◆ **WHAT THE EXERCISE ASKS**: Beginning at the line that holds "Men's Titan Black" and continuing to the last line of the data below, transcribe every line word for word, without pictures.

Stored items from a collection
════
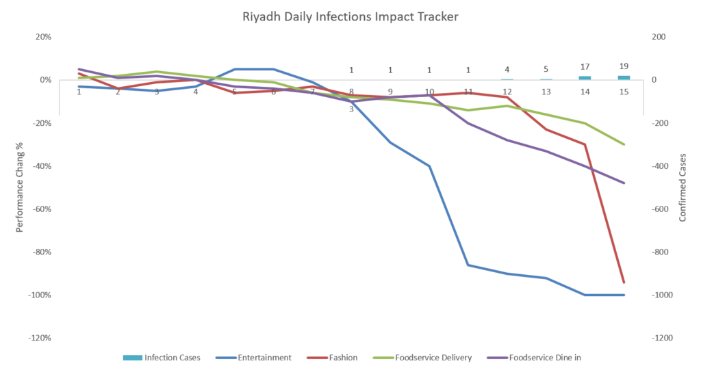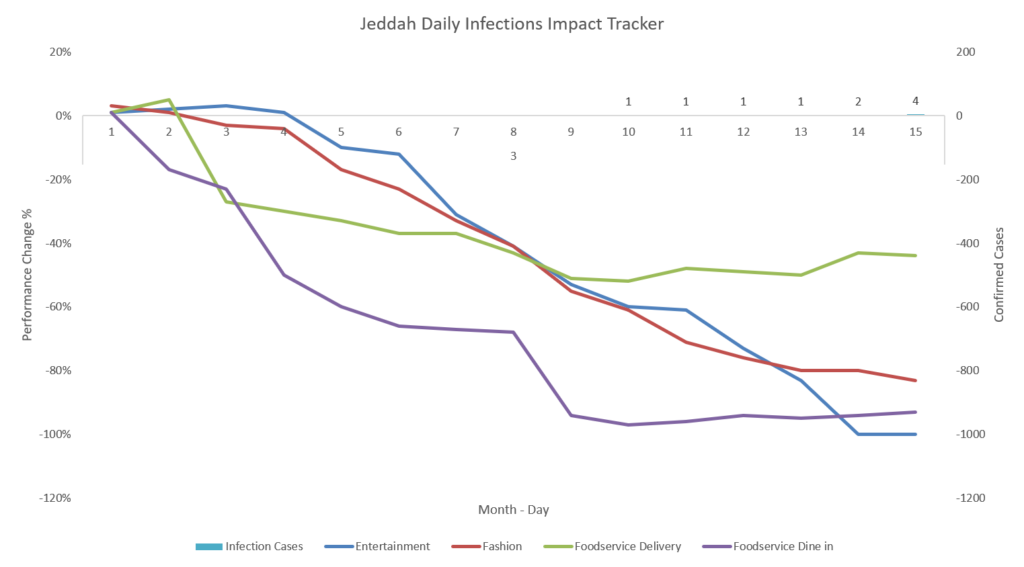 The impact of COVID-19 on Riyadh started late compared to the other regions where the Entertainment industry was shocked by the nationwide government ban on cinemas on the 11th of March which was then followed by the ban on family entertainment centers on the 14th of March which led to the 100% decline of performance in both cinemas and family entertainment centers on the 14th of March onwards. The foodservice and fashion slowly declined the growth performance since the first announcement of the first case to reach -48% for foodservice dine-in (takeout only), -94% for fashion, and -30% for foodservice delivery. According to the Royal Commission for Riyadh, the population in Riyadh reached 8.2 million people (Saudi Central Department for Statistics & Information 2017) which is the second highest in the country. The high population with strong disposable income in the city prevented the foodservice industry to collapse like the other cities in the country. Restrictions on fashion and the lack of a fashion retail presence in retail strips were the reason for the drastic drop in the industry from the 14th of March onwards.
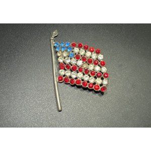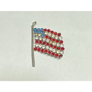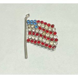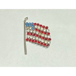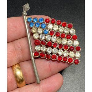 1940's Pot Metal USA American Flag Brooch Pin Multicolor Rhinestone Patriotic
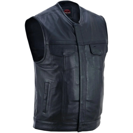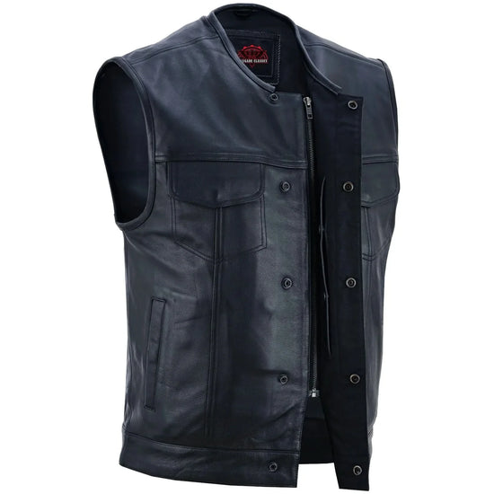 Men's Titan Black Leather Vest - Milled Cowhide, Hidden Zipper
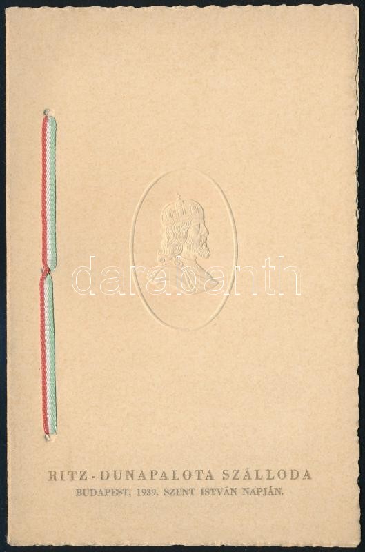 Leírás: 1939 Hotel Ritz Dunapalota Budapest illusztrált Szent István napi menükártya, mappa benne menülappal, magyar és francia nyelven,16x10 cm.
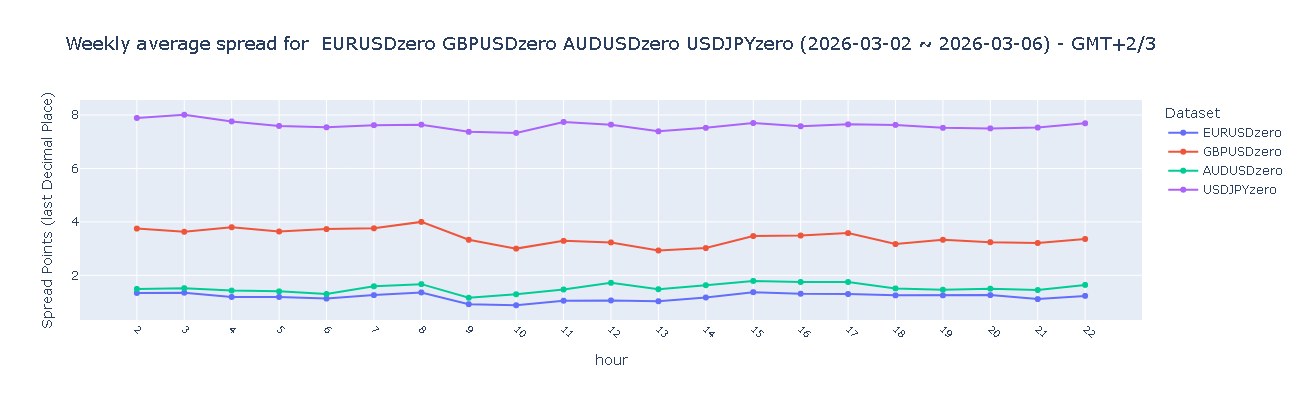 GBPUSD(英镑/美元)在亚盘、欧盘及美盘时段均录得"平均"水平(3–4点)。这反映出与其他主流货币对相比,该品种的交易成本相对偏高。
════
◆ **WRITTEN SOLUTION**:
 Men's Titan Black Leather Vest - Milled Cowhide, Hidden Zipper
 Leírás: 1939 Hotel Ritz Dunapalota Budapest illusztrált Szent István napi menükártya, mappa benne menülappal, magyar és francia nyelven,16x10 cm.
 GBPUSD(英镑/美元)在亚盘、欧盘及美盘时段均录得"平均"水平(3–4点)。这反映出与其他主流货币对相比,该品种的交易成本相对偏高。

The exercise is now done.